--- DATA BELOW Enclosed Below ---

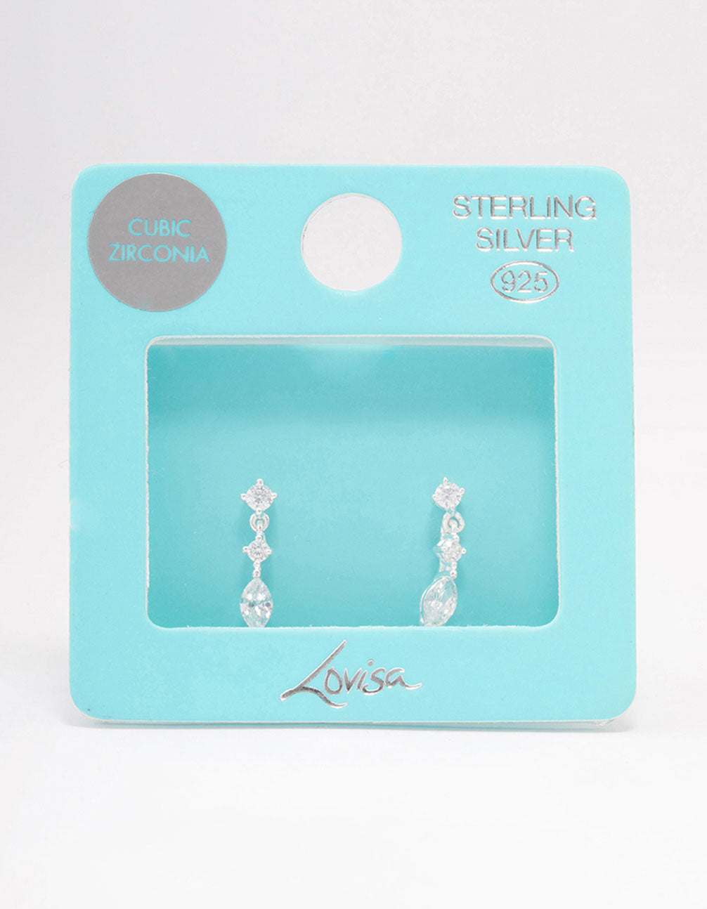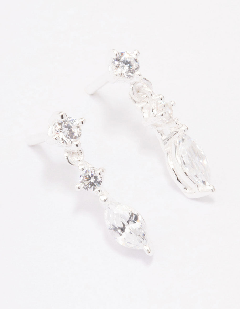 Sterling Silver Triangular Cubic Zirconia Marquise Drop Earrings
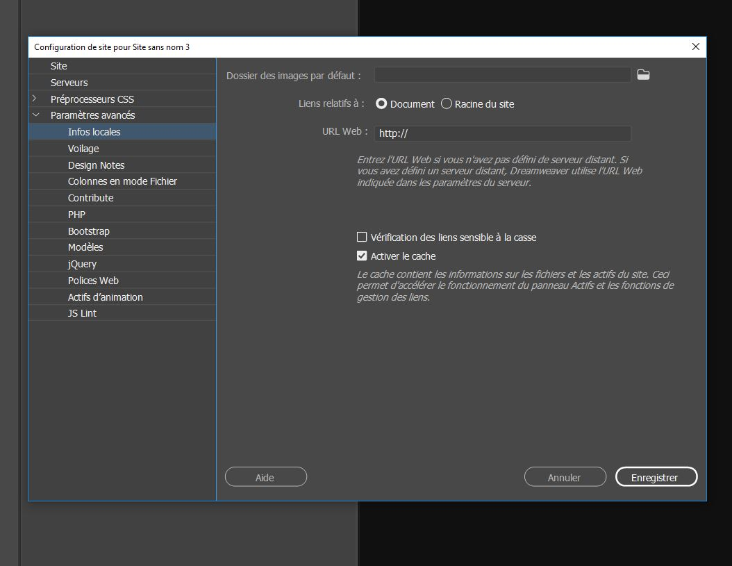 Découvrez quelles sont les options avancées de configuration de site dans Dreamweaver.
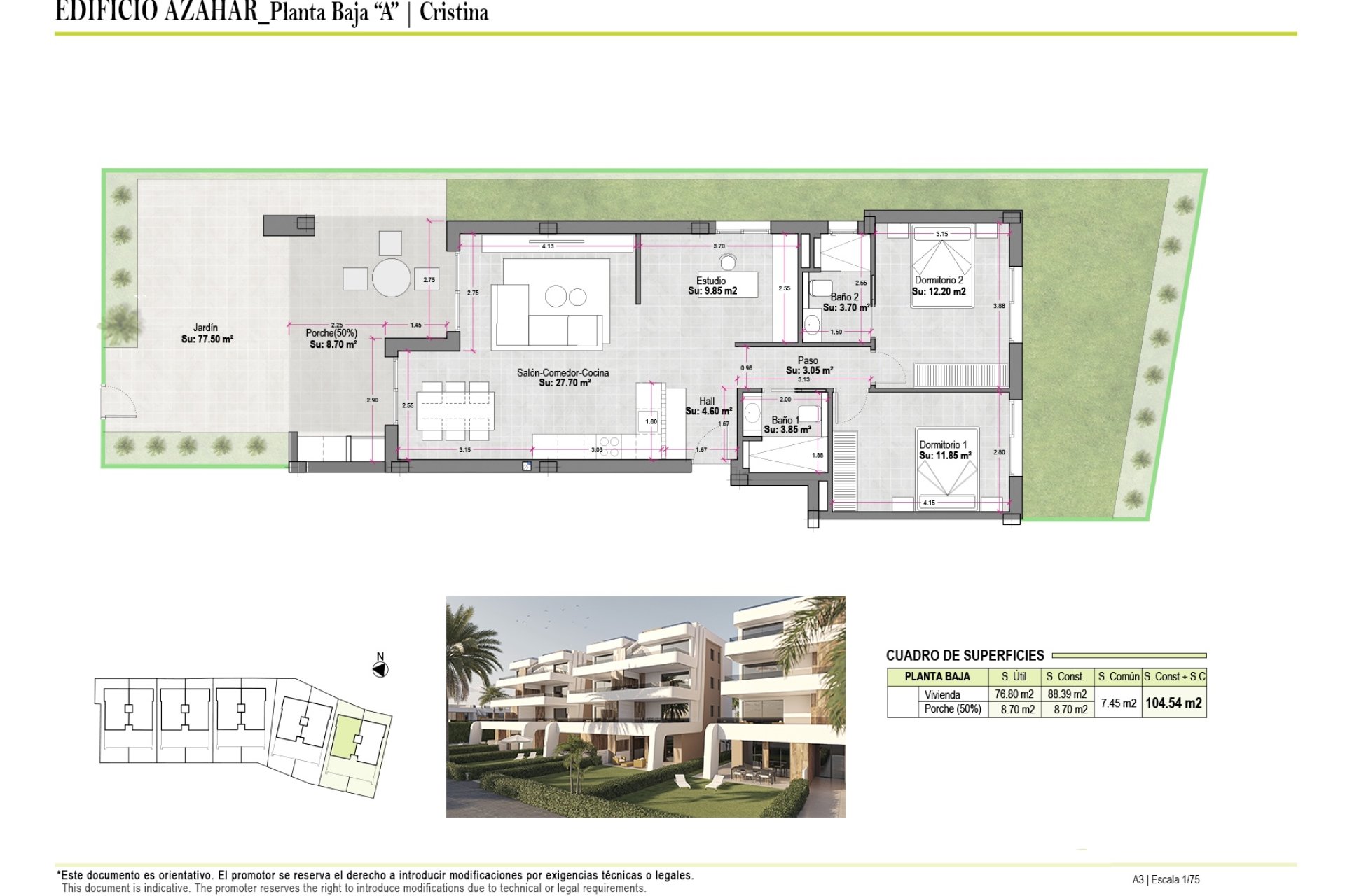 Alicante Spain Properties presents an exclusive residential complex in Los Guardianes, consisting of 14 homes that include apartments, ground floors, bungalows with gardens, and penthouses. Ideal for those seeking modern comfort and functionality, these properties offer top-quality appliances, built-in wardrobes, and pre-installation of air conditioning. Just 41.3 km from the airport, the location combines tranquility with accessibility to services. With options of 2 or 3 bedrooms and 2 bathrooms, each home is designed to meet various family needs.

--- End of Enclosed DATA BELOW ---

*WHAT IS NEEDED:* Only the lines from where the data begins to the line with "Découvrez quelles sont", both of them included, should be reproduced word for word; no pictures.

*SOLUTION FOR THIS PROBLEM:*
 Sterling Silver Triangular Cubic Zirconia Marquise Drop Earrings
 Découvrez quelles sont les options avancées de configuration de site dans Dreamweaver.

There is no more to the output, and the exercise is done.